# Passport photographer wanted - albufeira



## Slackrat

much appreciated if anyone knows of one


----------



## bom dia lisbon

I'm not in Albufeira so perhaps someone can offer specific suggestions, but I find that in many cities there is a shop offering passport photos within steps of the driver's license bureau (IMTT), social security office or public transit agency.


----------



## Slackrat

bom dia lisbon said:


> I'm not in Albufeira so perhaps someone can offer specific suggestions, but I find that in many cities there is a shop offering passport photos within steps of the driver's license bureau (IMTT), social security office or public transit agency.


Thanks

I don't think I need a photo to renew a British Passport this time, but I was just making sure I could get a photograph in prescribed form in a hurry if I did need one

Bill Henderson


----------



## bom dia lisbon

I've found that it's best to always have some of those photos on hand for future use.
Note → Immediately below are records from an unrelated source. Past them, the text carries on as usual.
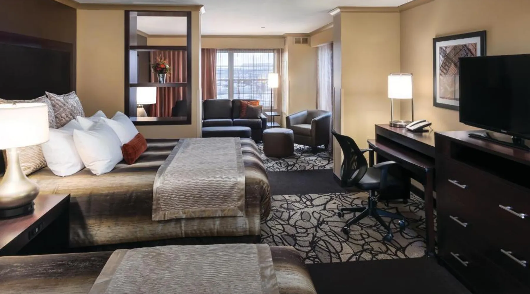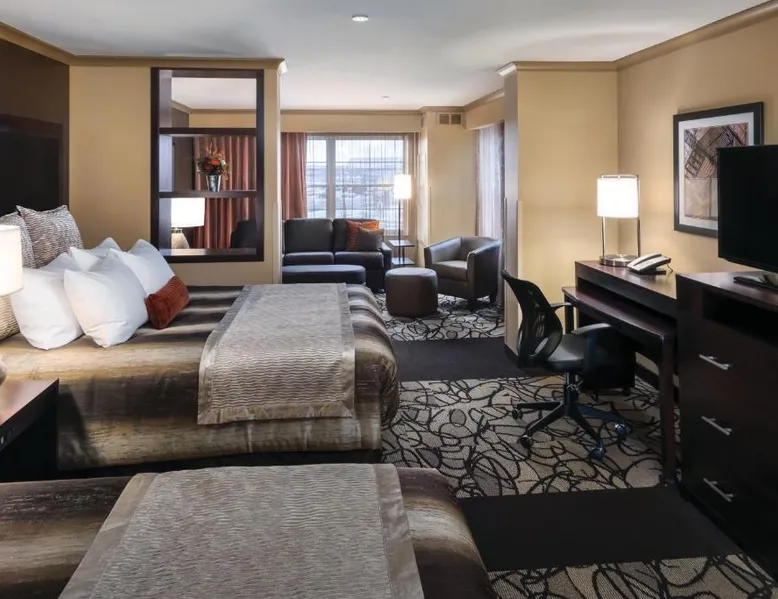 Comfortable Accommodations: ClubHouse Hotel & Suites Fargo in Fargo offers spacious rooms with comfortable beds. Guests enjoy free WiFi, air-conditioning, and private bathrooms equipped with free toiletries. Exceptional Facilities: The hotel features a fitness center, indoor swimming pool, and a terrace. Additional amenities include a restaurant serving American cuisine, a bar, and a garden. Free airport shuttle service is available 5.6 mi from Hector International Airport. Convenient Location: Located 1.9 mi from Red River Zoo and 5 mi from Fargo Civic Center, the hotel provides easy access to local attractions. Guests appreciate the room size and bed comfort. Featuring free toiletries, this apartment includes a private bathroom with a hairdryer. The apartment features air conditioning, a tea and coffee maker, a seating area, a wardrobe, as well as a flat-screen TV with cable channels. The unit has 2 beds.
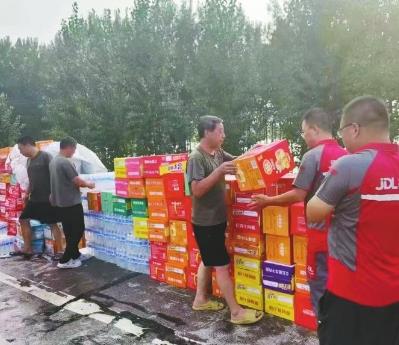 日前,市邮政管理局组织京东快递公司为受灾群众捐献方便面、矿泉水、面包等物资,为抗洪抢险救灾贡献行业力量。 巩晶晶摄
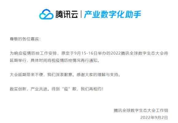 騰訊宣布,2022 騰訊全球數字生態(tài)大會(huì )(原定)于 9 月 15 日-16 日在深圳國際會(huì )展中心舉行,主題為“數實(shí)創(chuàng )新,產(chǎn)業(yè)共進(jìn)”。屆時(shí),騰訊將與生態(tài)合作伙伴、技術(shù)開(kāi)發(fā)者、政府及社會(huì )組織共話(huà)數字技術(shù)與實(shí)體產(chǎn)業(yè)的前沿趨勢,探索全真互聯(lián)時(shí)代的數實(shí)融合新機遇。

Because it seems that whenever I need one in an emergency, that's when I'm having a bad hair day


----------



## somanyhands

Kodak type shops (doing photos, reprints, framing etc) seem quite common in most towns (Lagos, for example has at least 2!) so I'm sure there'll be at least one in Albufeira.

They offer a passport photo service and are particularly good at it, in my experience. (We also have to use them annually for the boys' school passes/applications)


----------